Optional: Exploration and Segmentation Diagnostics
If you provide segment columns (via the "Segment by" field in evaluation settings), the Playground can show where OPE is weak and which segments are driving uncertainty. This is most useful when you are deciding whether to collect more data, broaden exploration, or constrain the policy rollout to safer regions.
The output highlights the segments that limit reliability rather than producing a long statistical report. You will see a "Where OPE is weak" table with per-segment match rate, ESS, and weight-tail statistics, and a "Suggested exploration targets" list with ranked segments. If the segment columns are not present in your logs, the evaluation still runs normally but skips the exploration output with a non-blocking warning.

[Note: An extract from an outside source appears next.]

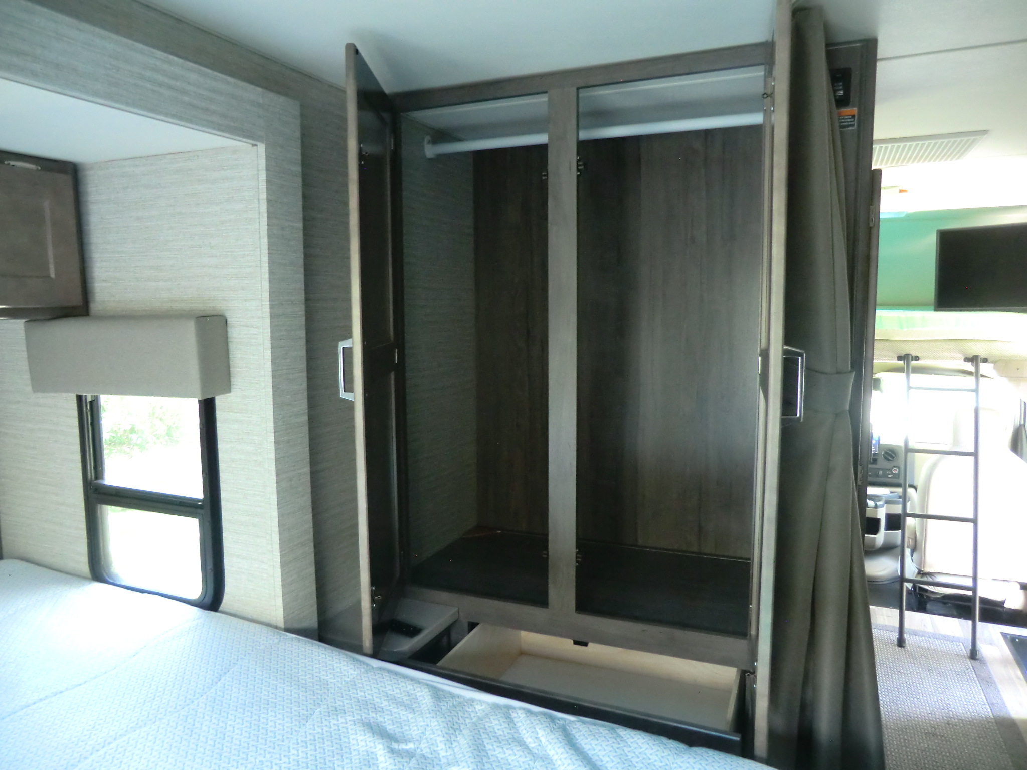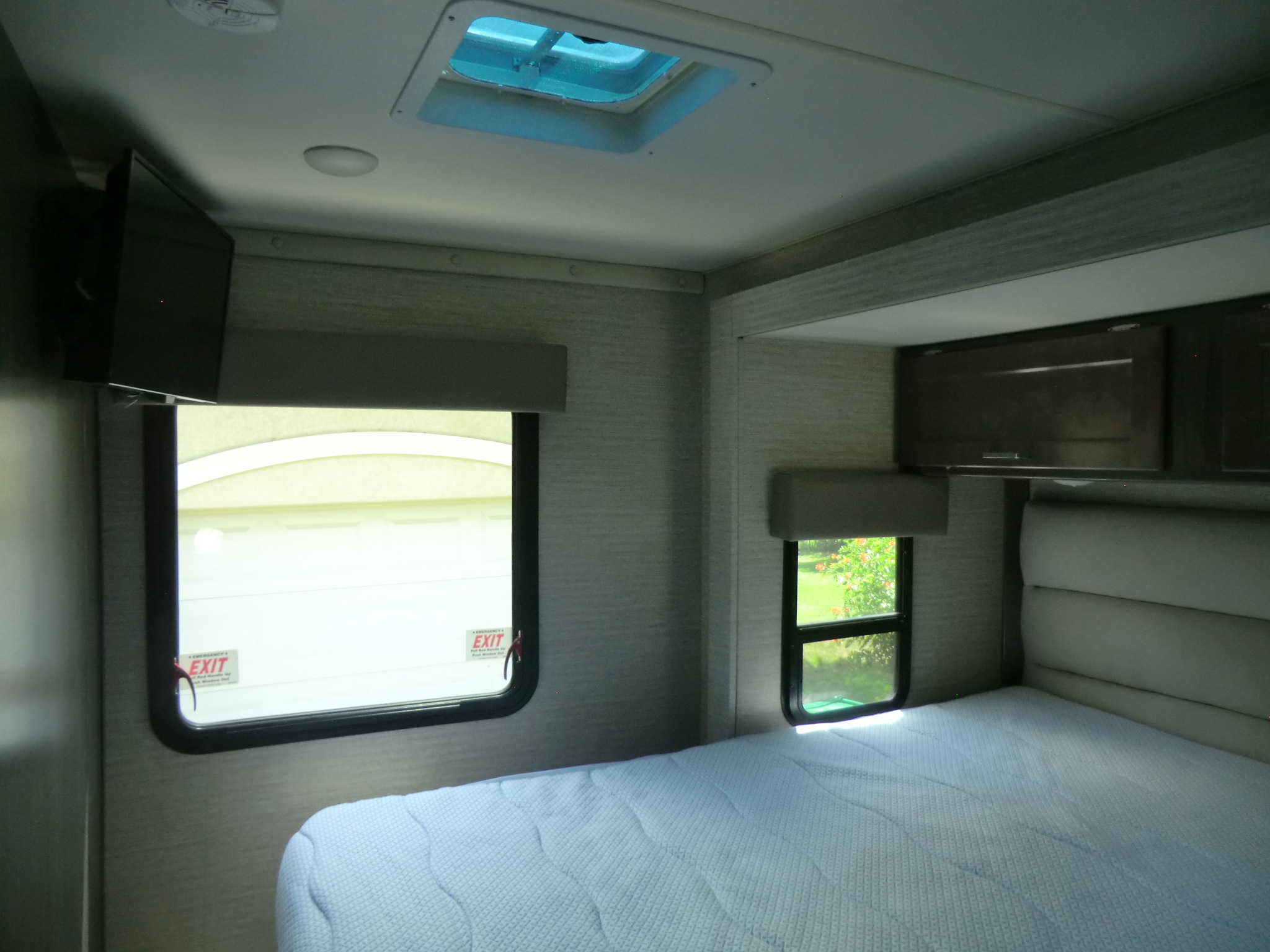 This coach makes a great RV for a couple or a family of five when you utilize the U-shaped dinette as a sleeping area after dinner and games are over for the evening. The kids will surely love the overhead cab bed while you retreat to the rear corner bedroom with a queen bed slide, a nightstand and a wardrobe. You might even like to invite one more guest to sleep over since this coach can sleep six. You can watch the 24″ HDTV while the kids watch a movie on the 32″ HDTV with DVD player. And the galley kitchen and full bathroom allow you to travel without needing to go into town. This model comes standard with a Ford E350 chassis, yet you might like to choose the E450 chassis option which would increase some of the specifications for this model.

Outputs and Reproducibility
Each run produces downloadable artifacts so you can reproduce results and share them with teammates. Every evaluation includes a config hash, bootstrap seed, and run identifier. The Passport tab provides a structured record of the configuration, estimator choice, and quality signals. Use these artifacts when you need to revisit a decision later or compare results across candidates with consistent settings.
Troubleshooting
If the Playground cannot compute a confidence interval or refuses to run a check, it will usually be due to missing prerequisites in the logs, mismatched column mapping, or insufficient support overlap. Start by revisiting Logging Readiness and the diagnostics section of the run, and confirm that reward and propensity are mapped as intended.
If you see "CI: N/A" or "ESS: unavailable," check whether propensities are present or enable "Estimate propensities if missing" in advanced settings. If the decision is INCONCLUSIVE, the Gate & Diagnostics tab will explain which check failed. If you suspect key collisions because the same user can see the same item multiple times, add a decision_id column to your logs and candidates when possible.
Common issues with candidate generation: ONNX mode requires onnxruntime to be installed. Low overlap warnings after upload usually mean user/item IDs have different formats between files or the candidate file covers a different time period than the logs.
Best Practices
Run Logging Readiness on new datasets before spending time on candidate generation or multi-policy comparisons. Prefer true logging propensities when you have them. Keep candidate files aligned in schema and time range when comparing multiple policies. Use the summary to decide, and the diagnostics to justify why the result should be trusted.